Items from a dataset
══════════════════════════════

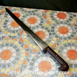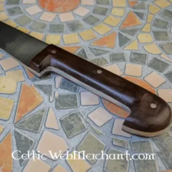 Produkt detaljer: Længde: 54,4 cm / Klingelængde: 41 cm / Grebets Længde: 13,5 cm / Vægt: 550 g / Ståltype: DA45 kulstofstål / Edge: halvskarpt / Tangkonstruktion: konstruktion with fuldt tang / Greb: horn, messing / based on da historisk original: ja /
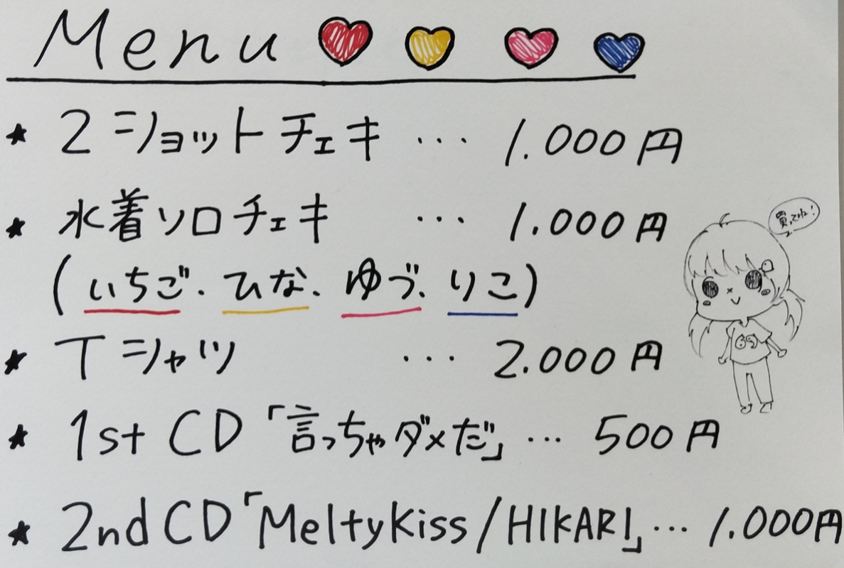 | 物販 | ・2ショットチェキ:1000円 ・Tシャツ(Mのみ):2000円 ・1stシングル「言っちゃダメだ」:500円 ・2ndシングル「Melty Kiss/HIKARI」:1000円 ・シークレットソロチェキ:1000円 |
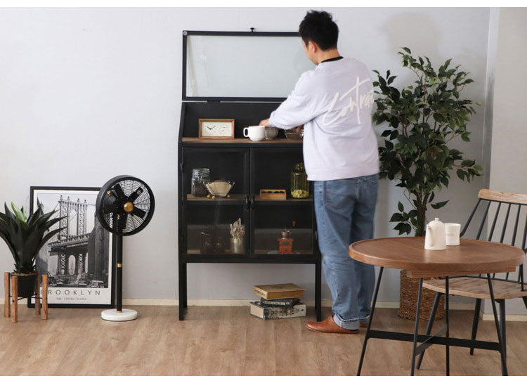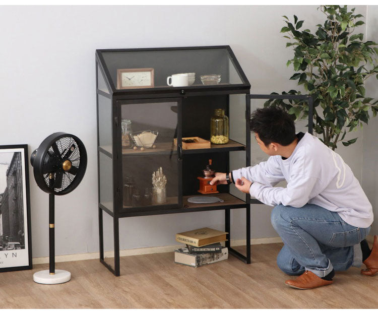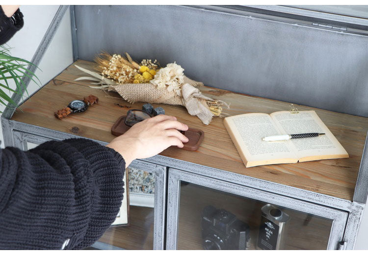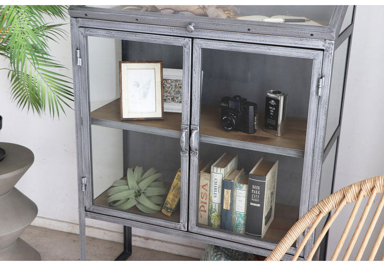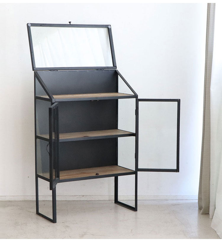 スチールでメンズライクのスタイリッシュな印象のディスプレイ用のガラスキャビネット。
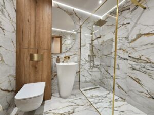 - efekt “hotelowej” łazienki: wielkoformatowe płytki w rysunku marmuru + ciepłe drewno + złota armatura,
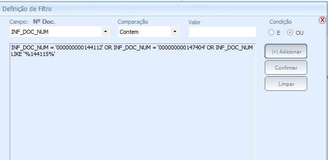 Para incluir filtros, selecione o campo desejado, selecione o tipo de Comparação, preencha o Valor, e marque a Condição (esta opção deve ser marca independentemente de haverem outros filtros a serem incluídos, é marcada uma única vez e não pode ser alterada) e clicar no Botão “(+) Adicionar”. Após adicionar todos os filtro basta clicar no botão “Confirmar” para voltar ao controles do Processo. Se forem adicionados parâmetros os mesmo iram ser apresentados log abaixo ao botão responsável pela definição dos filtros.
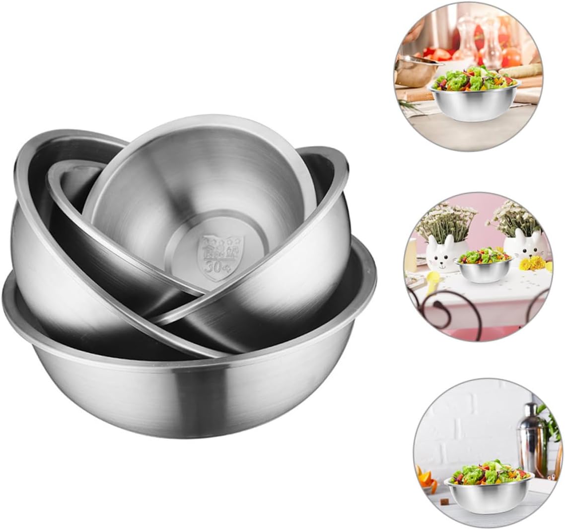 Package List 1 x stainless mixing bowl 20cm 1 x stainless mixing bowl 22cm 1 x stainless mixing bowl 24cm 1 x stainless mixing bowl 26cm 1 x stainless mixing bowl 28cm Characteristics -Size:24.00X24.00X8.00cm/9.43X9.43X3.14in serving bowl -Size:26.00X26.00X8.50cm/10.22X10.22X3.34in serving bowls -Color:Silver stainless bowl -Size:22.00X22.00X7.50cm/8.65X8.65X2.95in mixing bowl kitchen -Material:Stainless salad bowls large serving -Size:20.00X20.00X7.00cm/7.86X7.86X2.75in large mixing bowls -Size:28.00X28.00X9.00cm/11.00X11.00X3.54in large bowl - This mixing bowl can be used to egg or cream, salad, chicken or meat, mix ingredients large bowls. -Great for indoor and outdoor use with easy transportation, storage, and cleaning, a good kitchen helper mixing bowl. -Perfect for all your kitchen foods and looks great at the same time, large enough to hold food stainless bowl kitchen. - A multi-functional stainless mixing bowl that meets your needs egg mixing bowl. -Our mixing bowl is perfect for mixing salad, noodle, soup, mixing egg, rice, etc large stainless mixing bowl.Goods Descriptionegg mixing bowl Excellent material and fine craftsmanship, stainless bowl is sturdy and long time.large mixing bowls The mixing basin is made of stainless , which has and functions. kitchen bowl Stainless soup basin has a wide range of uses.stainless mixing bowls Take at this! Our stainless mixing basin is a for your kitchen
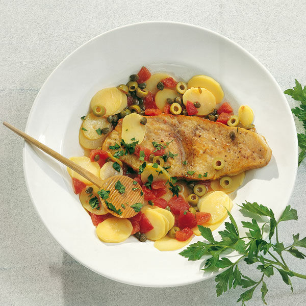 Dieses Gericht aus dem sonnigen Sizilien ist im Handumdrehen zubereitet. Mit Tomaten, Kartoffeln, Oliven und Kapern zubereitet ein wahrer Genuss.
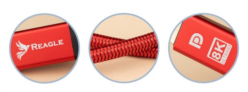 Przewód Reagle został wykonany z najwyższą dokładnością. Posiada zatyczki, które uniemożliwiają dostanie się kurzu do wtyków. Jego gamingowy czerwony kolor idealnie wpasuje się w biurko gracza. Nylonowy oplot, pozłacane i aluminiowe wtyki ochronią kabel przed uszkodzeniami mechanicznymi i znacznie wpływają na komfort użytkowania.
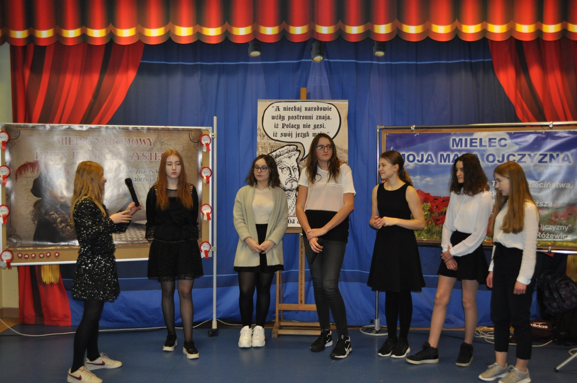 Słowami polskich pisarzy, poetów, przy melodii Szopena, dźwiękach akordeonu, melodiami pieśni patriotycznych, scenkami informującymi o konieczności propagowania idei pięknej i bezbłędnej mowy ojczystej, uczniowie z klasy 8c, 5e ,7c rozważali historię oraz znaczenie polskiej mowy. Dopełnieniem prezentowanych treści stała się współgrająca z przekazywanym słowem dekoracja sali.
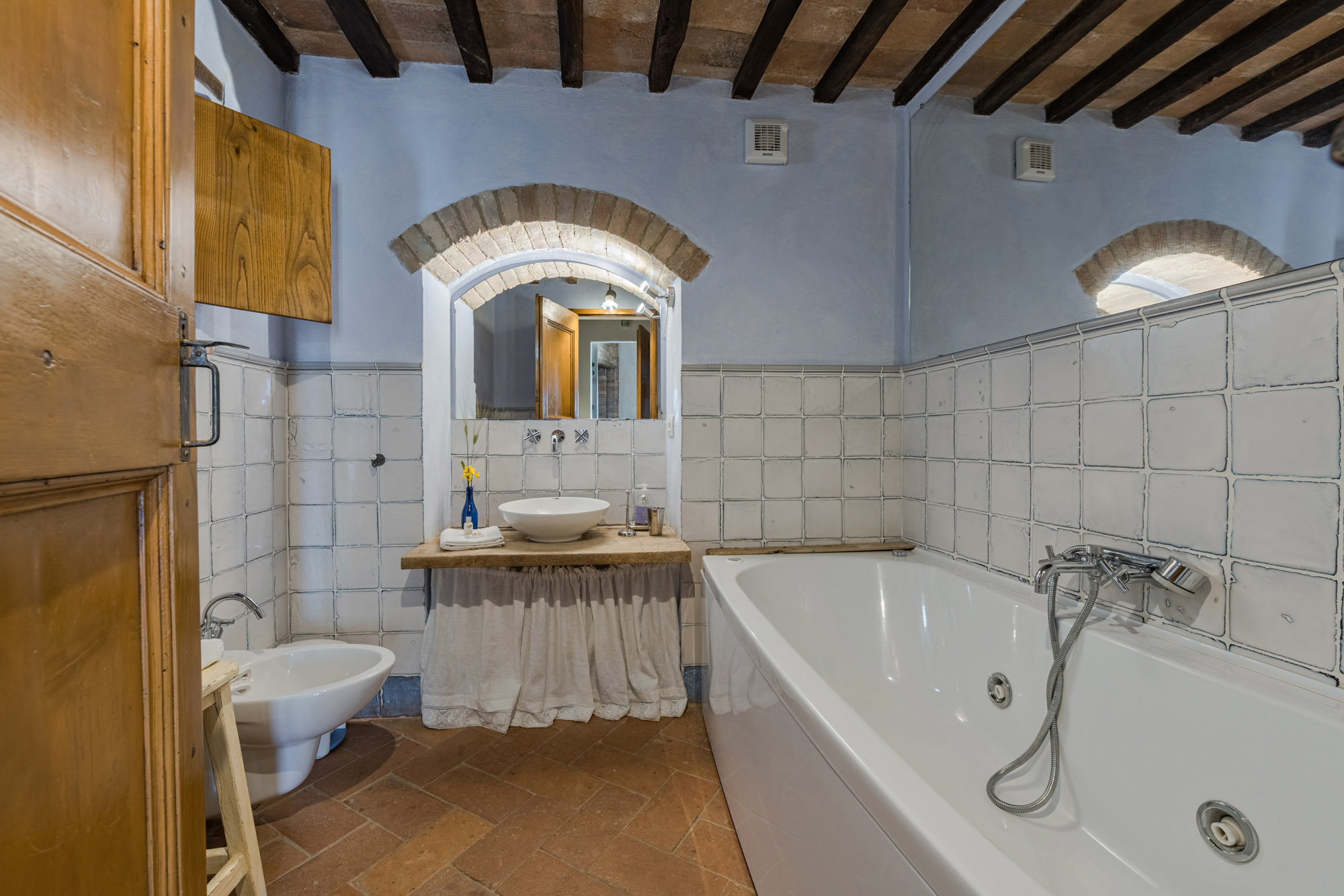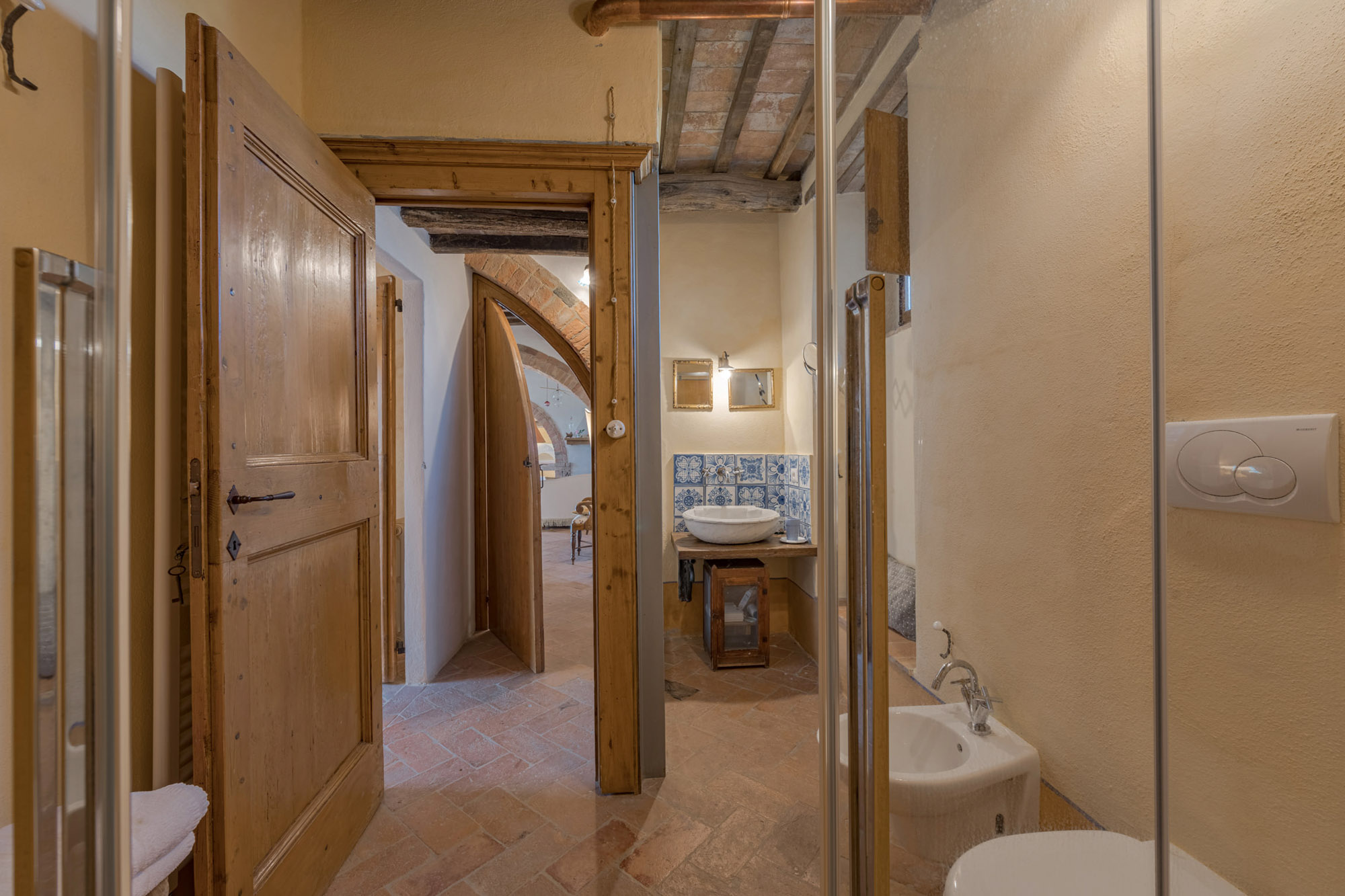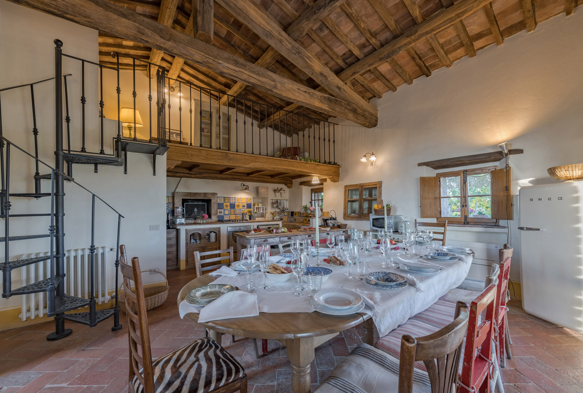 The villa perfectly combines traditional rustic features and modern amenities, including air conditioning, Wi-Fi, a gym, and a heated swimming pool. With 360-degree breath-taking views, it’s an ideal getaway for large groups or families looking to experience authentic Tuscany, whether soaking up the tranquillity of the villa or exploring the wider region.
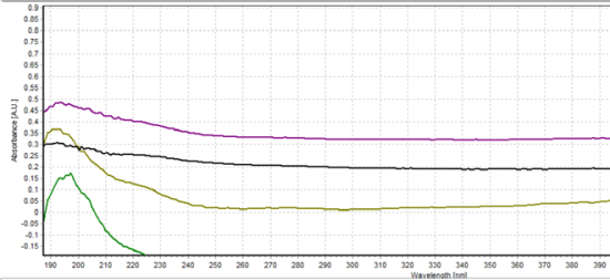 5mm光程探頭測量光譜的一致性不如10mm探頭的測量光譜。樣品2(紫色,稀釋程度增加25%)和樣品4(黑色,稀釋程度增加75%)的光譜形狀與其他兩個樣品不一樣。并且樣品2和樣品4的吸光度譜線達到峰值后并沒有迅速降低,而是并未真正下降。這些結(jié)果證明,5mm光程探頭的測量結(jié)果不如10mm光程探頭的測量結(jié)果可靠。這與我們最初的假設一致:因為四個樣品都被充分稀釋,所以10mm光程探頭可以得到更好的測量結(jié)果。 使用5mm/10mm光程探頭測量 農(nóng)達溶液的吸光度 圖7:使用5mm/10mm光程探頭測量適宜濃度溶液 使用5mm/10mm光程探頭測量 農(nóng)達溶液的吸光度 圖8:使用5mm/10mm光程探頭測量稀釋度增加25%的溶液 使用5mm/10mm光程探頭測量 農(nóng)達溶液的吸光度 圖9:使用5mm/10mm光程探頭測量稀釋度增加50%的溶液 使用5mm/10mm光程探頭測量 農(nóng)達溶液的吸光度 圖10:使用5mm/10mm光程探頭測量稀釋度增加75%的溶液 使用5mm/10mm光程探頭測量 農(nóng)達溶液的吸光度 圖11:使用5mm/10mm光程探頭測量的所有結(jié)果 圖7、8、9和10對比了每個樣品的10mm光程探頭和5mm光程探頭的測試結(jié)果??梢钥吹绞褂?0mm光程探頭的5mm光程探頭的測量結(jié)果更準確。圖11是本實驗的所有光譜結(jié)果匯總。

══════════════════════════════

Write the data out again word for word; leave the pictures behind.

 Produkt detaljer: Længde: 54,4 cm / Klingelængde: 41 cm / Grebets Længde: 13,5 cm / Vægt: 550 g / Ståltype: DA45 kulstofstål / Edge: halvskarpt / Tangkonstruktion: konstruktion with fuldt tang / Greb: horn, messing / based on da historisk original: ja /
 | 物販 | ・2ショットチェキ:1000円 ・Tシャツ(Mのみ):2000円 ・1stシングル「言っちゃダメだ」:500円 ・2ndシングル「Melty Kiss/HIKARI」:1000円 ・シークレットソロチェキ:1000円 |
 スチールでメンズライクのスタイリッシュな印象のディスプレイ用のガラスキャビネット。
 - efekt “hotelowej” łazienki: wielkoformatowe płytki w rysunku marmuru + ciepłe drewno + złota armatura,
 Para incluir filtros, selecione o campo desejado, selecione o tipo de Comparação, preencha o Valor, e marque a Condição (esta opção deve ser marca independentemente de haverem outros filtros a serem incluídos, é marcada uma única vez e não pode ser alterada) e clicar no Botão “(+) Adicionar”. Após adicionar todos os filtro basta clicar no botão “Confirmar” para voltar ao controles do Processo. Se forem adicionados parâmetros os mesmo iram ser apresentados log abaixo ao botão responsável pela definição dos filtros.
 Package List 1 x stainless mixing bowl 20cm 1 x stainless mixing bowl 22cm 1 x stainless mixing bowl 24cm 1 x stainless mixing bowl 26cm 1 x stainless mixing bowl 28cm Characteristics -Size:24.00X24.00X8.00cm/9.43X9.43X3.14in serving bowl -Size:26.00X26.00X8.50cm/10.22X10.22X3.34in serving bowls -Color:Silver stainless bowl -Size:22.00X22.00X7.50cm/8.65X8.65X2.95in mixing bowl kitchen -Material:Stainless salad bowls large serving -Size:20.00X20.00X7.00cm/7.86X7.86X2.75in large mixing bowls -Size:28.00X28.00X9.00cm/11.00X11.00X3.54in large bowl - This mixing bowl can be used to egg or cream, salad, chicken or meat, mix ingredients large bowls. -Great for indoor and outdoor use with easy transportation, storage, and cleaning, a good kitchen helper mixing bowl. -Perfect for all your kitchen foods and looks great at the same time, large enough to hold food stainless bowl kitchen. - A multi-functional stainless mixing bowl that meets your needs egg mixing bowl. -Our mixing bowl is perfect for mixing salad, noodle, soup, mixing egg, rice, etc large stainless mixing bowl.Goods Descriptionegg mixing bowl Excellent material and fine craftsmanship, stainless bowl is sturdy and long time.large mixing bowls The mixing basin is made of stainless , which has and functions. kitchen bowl Stainless soup basin has a wide range of uses.stainless mixing bowls Take at this! Our stainless mixing basin is a for your kitchen
 Dieses Gericht aus dem sonnigen Sizilien ist im Handumdrehen zubereitet. Mit Tomaten, Kartoffeln, Oliven und Kapern zubereitet ein wahrer Genuss.
 Przewód Reagle został wykonany z najwyższą dokładnością. Posiada zatyczki, które uniemożliwiają dostanie się kurzu do wtyków. Jego gamingowy czerwony kolor idealnie wpasuje się w biurko gracza. Nylonowy oplot, pozłacane i aluminiowe wtyki ochronią kabel przed uszkodzeniami mechanicznymi i znacznie wpływają na komfort użytkowania.
 Słowami polskich pisarzy, poetów, przy melodii Szopena, dźwiękach akordeonu, melodiami pieśni patriotycznych, scenkami informującymi o konieczności propagowania idei pięknej i bezbłędnej mowy ojczystej, uczniowie z klasy 8c, 5e ,7c rozważali historię oraz znaczenie polskiej mowy. Dopełnieniem prezentowanych treści stała się współgrająca z przekazywanym słowem dekoracja sali.
 The villa perfectly combines traditional rustic features and modern amenities, including air conditioning, Wi-Fi, a gym, and a heated swimming pool. With 360-degree breath-taking views, it’s an ideal getaway for large groups or families looking to experience authentic Tuscany, whether soaking up the tranquillity of the villa or exploring the wider region.
 5mm光程探頭測量光譜的一致性不如10mm探頭的測量光譜。樣品2(紫色,稀釋程度增加25%)和樣品4(黑色,稀釋程度增加75%)的光譜形狀與其他兩個樣品不一樣。并且樣品2和樣品4的吸光度譜線達到峰值后并沒有迅速降低,而是并未真正下降。這些結(jié)果證明,5mm光程探頭的測量結(jié)果不如10mm光程探頭的測量結(jié)果可靠。這與我們最初的假設一致:因為四個樣品都被充分稀釋,所以10mm光程探頭可以得到更好的測量結(jié)果。 使用5mm/10mm光程探頭測量 農(nóng)達溶液的吸光度 圖7:使用5mm/10mm光程探頭測量適宜濃度溶液 使用5mm/10mm光程探頭測量 農(nóng)達溶液的吸光度 圖8:使用5mm/10mm光程探頭測量稀釋度增加25%的溶液 使用5mm/10mm光程探頭測量 農(nóng)達溶液的吸光度 圖9:使用5mm/10mm光程探頭測量稀釋度增加50%的溶液 使用5mm/10mm光程探頭測量 農(nóng)達溶液的吸光度 圖10:使用5mm/10mm光程探頭測量稀釋度增加75%的溶液 使用5mm/10mm光程探頭測量 農(nóng)達溶液的吸光度 圖11:使用5mm/10mm光程探頭測量的所有結(jié)果 圖7、8、9和10對比了每個樣品的10mm光程探頭和5mm光程探頭的測試結(jié)果??梢钥吹绞褂?0mm光程探頭的5mm光程探頭的測量結(jié)果更準確。圖11是本實驗的所有光譜結(jié)果匯總。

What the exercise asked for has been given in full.